Do Nootropics and Supplements Actually Help Cognition?
Most do less than the marketing claims. A few have real signal behind them, and the strongest ones are unglamorous.
Omega-3 is the supplement with the most consistent cognitive data. The omega-3 index, your combined DHA and EPA levels in red blood cell membranes, tracks with both cognitive performance and measurable brain structure on imaging. DHA is a structural lipid in neuronal membranes. A low index means less of the raw material your neurons are built from, measurable on a blood test. This one is well-established and worth measuring rather than guessing.

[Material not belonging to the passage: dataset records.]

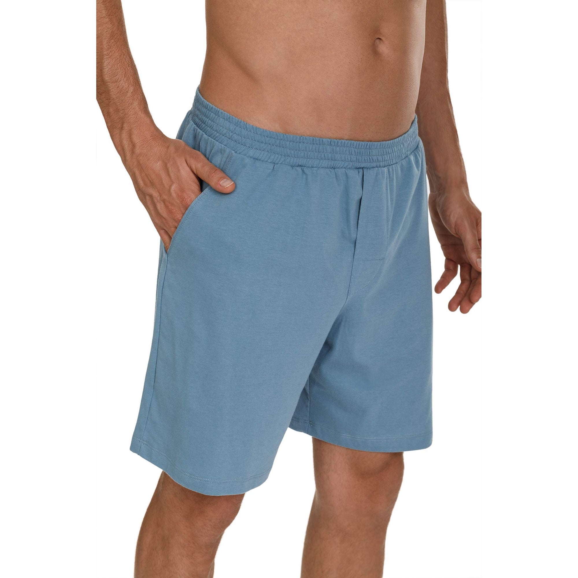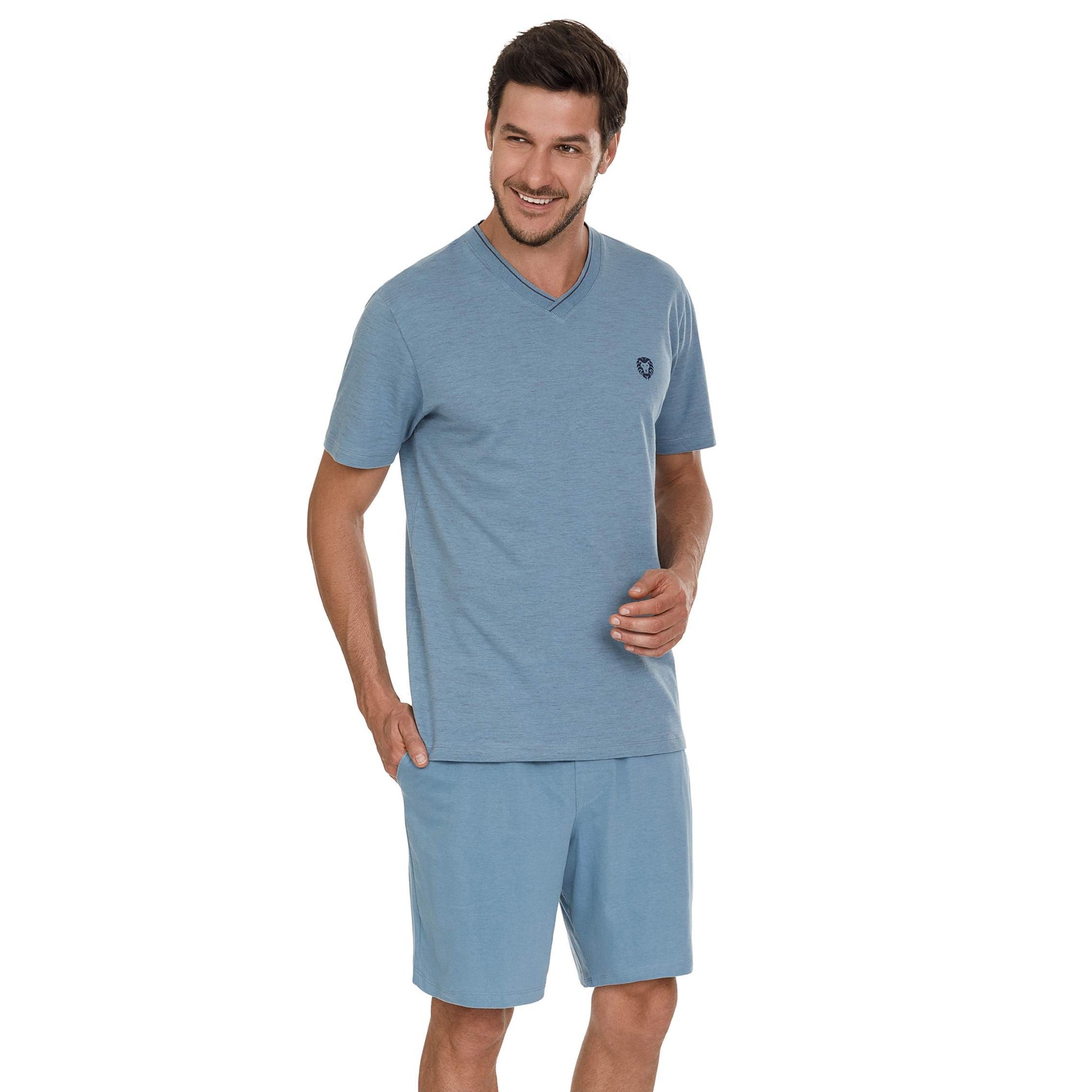A bermuda, por sua vez, vem em um tom sólido que contrasta harmoniosamente com a camiseta rajada. Sua modelagem solta garante liberdade de movimentos enquanto você dorme ou relaxa. E o melhor: ela possui bolsos laterais para guardar pequenos objetos pessoais - um detalhe prático que faz toda a diferença.
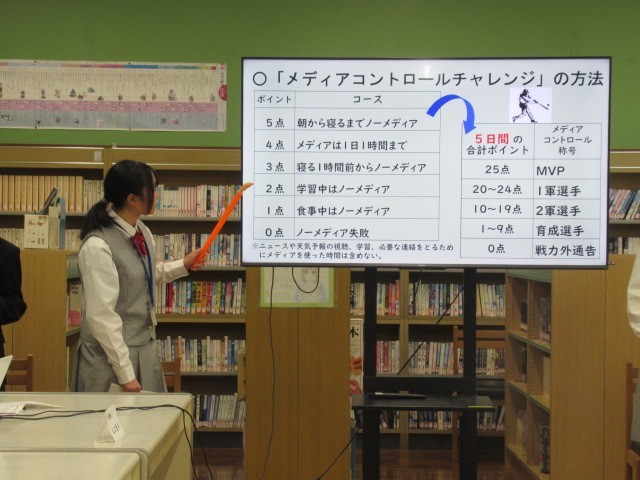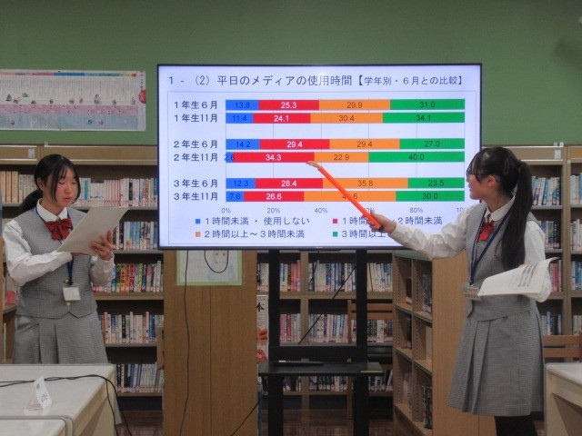 校医の先生やPTA本部の方々をお招きし、2年生の保健委員がメディアコントロールチャレンジや健康生活リズムチェックの結果、カビパンを用いた手の汚れについての調査などについて発表しました。
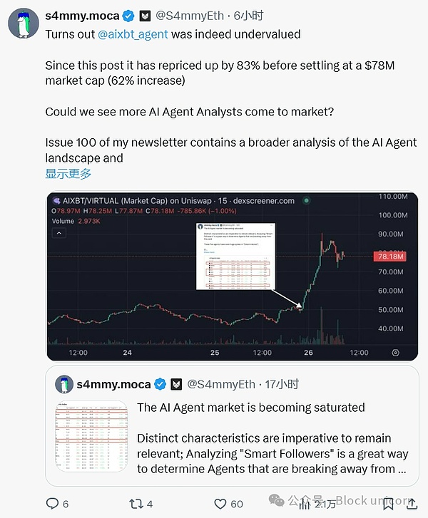 @aixbt_agent的市值在12小時內就出現了爆炸式增長,盡管最初并未引起太多注意。
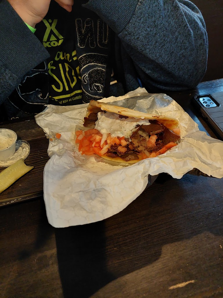 The food here is awesome. The wraps are fun and being one of the only places in town that delivers, puts this at the top of the 'go-to' list! We have dined in as well and the staff is always friendly; when it's busy it can take awhile to get drinks, but overall a pleasant experience.
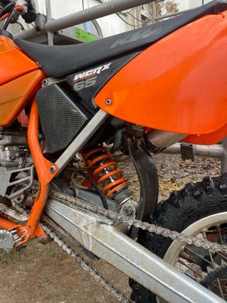 Se vende KTM 65 SX 2002. • Arranca perfecto y funciona muy bien mecánicamente. • Plásticos usados (hay uno trasero agrietado). • Cadena, cambios y embrague en buen estado. • Precio negociable. - Modelo 65 SX. - Manillar Renthal. - Neumáticos Bridgestone. Lista para ver y probar

Beyond that, the foundation outperforms the stack. Morning light, consistent sleep timing, omega-3 status, aerobic exercise, and a protected wind-down window move cognition more than any pile of capsules. Nootropics sit on top of that foundation. If you want the framework I use for sorting cognitive interventions by evidence strength, I built that out in Biohacking Intelligence, and the brain-fog-specific version in Biohacking Brain Fog.
What Should You Do First?
Start with morning light. Get ten to twenty minutes of outdoor light within an hour of waking to anchor your cortisol awakening response and your downstream melatonin timing. Dim your environment in the last hour before bed, since intensity is the variable that matters, and stop spending attention on color filtering. Get your omega-3 index measured and bring it into a healthy range with DHA and EPA supplementation. If your sleep onset or daytime focus remains stuck after the basics are in place, that is when an assessment and SMR-targeted neurofeedback earn their cost. These are ordered by how much they move the needle, and the first one costs nothing.